Woorden hebben niet alleen een betekenis, er zit veel meer aan vast; een bepaald beeld of een bepaalde sfeer bijvoorbeeld, die bij de spreker van de taal bekend is. Meestal zal een romanschrijver die beelden bewust willen oproepen bij de lezer. Maar wat gebeurt er met die beelden wanneer het woord vertaald wordt? Roept het vertaalde woord dezelfde beelden op, of helemaal niet? En als de beelden verloren dreigen te gaan, moet de vertaler daar dan iets aan doen? Verhelderen, uitleggen, een noot toevoegen?
Garnalen
Onlangs was Camilla Läckberg in Noordwijk om – op een heel onderhoudende en humoristische manier – te vertellen over haar boeken en haar schrijverschap. Toen het over haar beschrijving van een plattelandsgemeenschap ging, vertelde ze dat gasten daar bijvoorbeeld avocado’s met garnalen voorgezet krijgen. Iemand uit Stockholm zou zijn neus ervoor ophalen, die is al een paar modieuze gerechten verder, maar op het platteland vinden ze het nog iets bijzonders. Ik weet het niet zeker, maar ik denk dat wij een dergelijk beeld van avocado met garnalen (leuk voor op een dorp, maar in de grote stad hoef je er niet mee aan te komen) in Nederland niet hebben. Zou je dan als vertaler moeten uitleggen dat de schrijfster niet zomaar voor dit gerecht heeft gekozen? Als personages in een Japans of Chinees boek iets zouden eten wat typisch is voor hun woonplaats of hun maatschappelijke klasse (of juist niet), zou de vertaler daar vast iets over zeggen in een noot. Bij boeken uit een vergelijkbare cultuur is dat veel minder gebruikelijk, ook al weet je bij lange na niet alles van elkaars gewoonten.
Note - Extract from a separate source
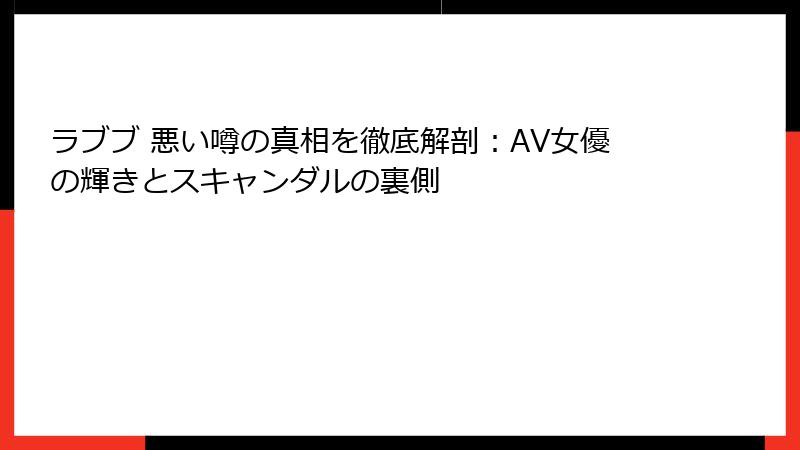 - ラブブの悪い噂がもたらす影響:似たAV女優のスキャンダル事例と、彼女のキャリア復活の鍵

Hoe zou het andersom met Nederlandse gerechten in buitenlandse boeken gaan? Stel dat een Nederlandse auteur zijn personages bloemkool en spruitjes laat eten, of het over een spruitjeslucht heeft, zou een buitenlandse vertaler daar dan een toelichting bij geven, of moet de lezer zich er zelf maar een beeld bij vormen?
Is dit niet vergelijkbaar met de neergang van de garnalencocktail in de laatse twee decennia? Ook zo’n muffig voorgerecht dat pas de laatste jaren weer salonfähig is geworden.
Het lijkt me te ver gaan om uitleg te geven. Hooguit een half zinnetje in de tekst gesmokkeld als het om iets volslagen onbekends of onbegrijpelijks gaat. Verder mag je het aan de fantasie van de lezer overlaten om bij het betreffende gerecht of de geur ervan te zien en denken wat hij wil. Of het op te zoeken, als hij zich die moeite wil getroosten. En uit het verhaal zal moeten blijken wat de culturele achtergrond is voor de keuze van juist dat gerecht.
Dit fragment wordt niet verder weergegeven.